IM GOING TO MY CABIN AND GOING TURKEY HUNTING AND I CANT WAIT!


----------



## MILONEWOLF (Oct 28, 2013)

My spot is an hour away and I will be there 4/18/20 by myself. Have not anyone in my area in two years of turkey hunting.


----------



## Thirty pointer (Jan 1, 2015)

Went by 2 frisbie golf courses yesterday ... both were packed .Why would turkey hunting possibly be an issue ?


----------



## Bowhunter2018 (Nov 7, 2018)

The DNR got back with me this morning. You can camp or stay in your house or your cabin on your own property. Camping on lease property or state land is not allowed until the 1st week in May. I was told you can still hunt lease property or state land but you have to come back home the same day.


----------



## Captain (Feb 11, 2000)

What constitutes camping on leased land? Our camp has been in the same location for the past 25 years, on our leased 160 acre farm, with 2 trailers







there permanently and one we bring into camp Sept-Dec...

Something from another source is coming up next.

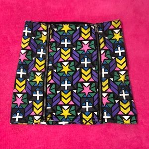 Features purple, pink, blue, black, white, green & yellow shapes | Two REAL silver zippers and a comfortable band at the waist ๐ | Brand: Divided by H&M | Size: 4

Sent from my iPhone using Michigan Sportsman mobile app


----------



## Yankee#1 (Jun 3, 2015)

Captain said:


> What constitutes camping on leased land? Our camp has been in the same location for the past 25 years, on our leased 160 acre farm, with 2 trailers
> View attachment 510687
> there permanently and one we bring into camp Sept-Dec...
> 
> ...


You don’t own the land, it’s a temporary shelter and therefore camping


They want to eliminate contact between persons from different households. Period.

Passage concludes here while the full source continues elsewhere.